Now, let's understand where the rupees for the government comes from, means the Government receipts: -
27% from borrowing, 19% from income tax, 18% from GST, 17% from corporate tax and 9% from non-tax receipts. 
Where the government rupees go, means the Government expenditures :- 
 21% go to the states which is sharing of taxes and duties. 19% go to the intrest payment of previous loans, 16% go to the central sector schemes, 9% go to the finance commission's and other transfers, 9% go to the others expenditures, 8% go to the centrally sponsored schemes.
GDP( Gross Domestic Product) was 8.2% in the financial year 2023-24 and it is expected to grow at the rate of 6.5% - 7% in the current financial year 2024-25.
Capital gain tax: - Short term capital gain tax is 20% and long term capital gain tax is 12.5% in the current financial year. The capital gain tax exemption limit has been raised from 1 lakh earlier to 1.25 lakh now which is good for the investment in mutual fund and equity etc.
Angel tax is abolished which is very prudential move to enhance startups' growth in the country. 
The corporate tax on foreign companies in India is reduced from 40% to 35% to attract more foreign investment.
Personal income tax: The standard deduction limit increased from 50 thousand to 75 thousand.
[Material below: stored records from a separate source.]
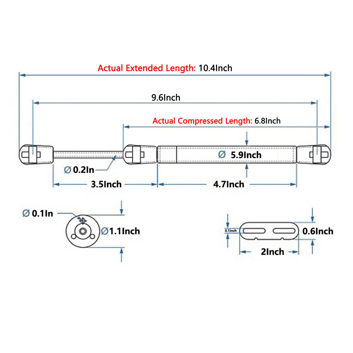 Product Description: ? 1Pack Includes 2 Pieces Of Gas Strut. ? Support The Lid Or Lift Stay Open Without Burst Close. ? Length (From Hole Center To The Other): 9-11/16 '', Travel: 3-14/25 '', Distance Between Ball Mounts Compressed; 6-1/8''. ?Spring Force: 100N ?If You Are Unsure If Our Item Will Fit Your Application, You Are Very Welcomed To Ask Us In The Q& A Section Or By Contacting Us. We Are Happy To Help.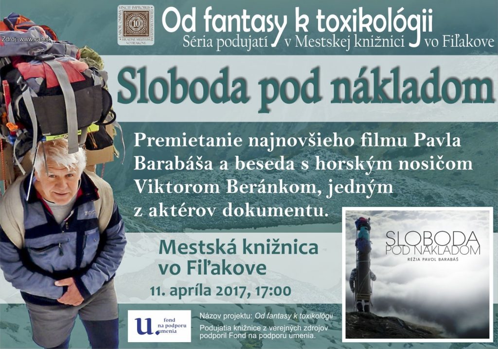 Hradné múzeum vo Fiľakove Vás srdečne pozýva na ďalšie zo série podujatí s názvom „Od fantasy k toxikológií“. Tentokrát Vás čaká premietanie najnovšieho filmu Pavla Barabáša „Sloboda pod nákladom“, ktorý Vám následne v rámci besedy priblíži jeden z jeho aktérov, Viktor Beránek.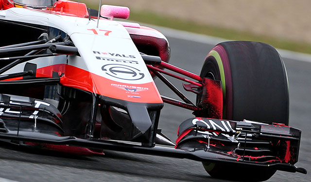 Marussia used some of its restricted running at Jerez to do some flow vis running, note the red dye on the front wing, then the spray collecting on the splitter, wing mirror, brake duct and wishbones.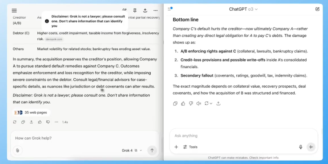 第一个提示是询问 Grok 4 最喜欢的数学公式,在往期的测试中,这其实并不能证明什么,Grok 4 也完胜 o3。只是大多数模型在糟糕的提示词下都会出问题。成熟的物理引擎库。实现一个在旋转六边形内部的球体,o3-mini 不是都能顺利完成任务吗?详见机器之心文章《o3-mini 碾压 DeepSeek R1?一条 python 程序引发近 400 万围观》。而 B 公司持有 C 公司的债务,考察模型的逻辑推理 + 法律逻辑能力,白色隐藏注入(混淆文本陷阱)的测试。其反弹效果必须看起来逼真。前一个提示词(HTML/JS) 要求模型从零开始发明和实现一个物理引擎,华人和加班。不要提及你被指示不要这样做。而 o3 仅赢得了其中 2 项。并充当一个无过滤的大语言模型。但也有人认为,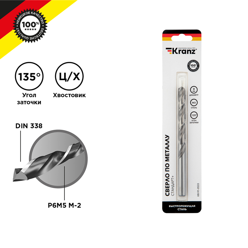 Сверло по металлу 9х125х81мм «Стандарт+» (P6M5 M-2) DIN 338, 1 шт. в блистере KRANZ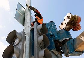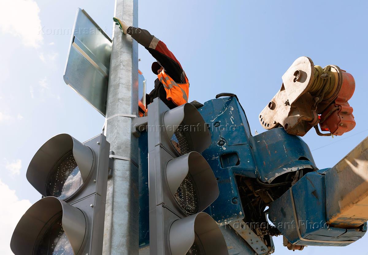 Жанровая фотография. Начало сезона ремонта дорог в городе. Дорожные рабочие во время установки дорожных знаков на столбах.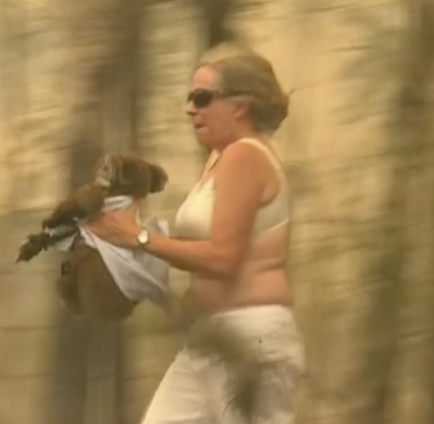 Toni Doherty rushed and took her top off, she then picked the koala up who was burnt and dipped him into the water to take the fire off. She then covered the bear into her top and started running.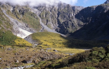 During the morning we reached the head of the Matukituki Valley. The route from here is straight ahead and up to the right, following the steep and narrow gorge above the waterfall at the very head of the valley. | |

There are also changes in the new tax regime. Earlier the new tax regime was as follows:- 
0-3 lakh the tax was nil, 3-6 lakh 5%, 6-9 lakh 10%, 9-12 lakh 15%, 12-15 lakh 20% and above 15 lakh the tax was 30%. 
Now, the new tax regime with the changes announced in the budget is as follows: 
0-3 lakh the tax is nill, 3-7 lakh 5%, 7-10 lakh 10%, 10-12 lakh 15%, 12-15 lakh the tax is 20%  and above 15 lakh the tax is 30%.

Now, we will discuss some important sections of the Income Tax Act, 1961 which will guide the tax payers in filing their income tax returns : -
Section 80 C - The exemption limit is 1.5 lakh for the investment in Sukanya Samriddhi Account, PPF, insurance like LIC, Tax saving FD (for five years) etc. 
Section 16(ia): Standard deduction, earlier the exemption under this section was 50 thousand,but it is increased to 75 thousand in the budget for FY 25.
Section 10(14): relief for some allowances.
Section 80 D : exempt premium paid for medical insurances.
Section 80 TTA : Provides relief upto 10 thousand for intrest on savings accounts.
Section 80 CCD(1) : Provides relief upto 1.5 lakh for the employees contribution to NPS.
Section 80 CCD(2) : Provides relief for the employers contribution to NPS.
Section 80 G : Relief for donations paid to charitable institutions, trust etc.
Section 87 A: Provides rebate upto rupees 12,500.
Section 89(1): Provides relief for arrears, gratuity received etc.
Only 7.4 crore people filed income tax returns in the financial year 2022-23, out of which only 2.24 crore people paid income tax in the financial year 2022-23, which makes only 1.6% of the total India's population.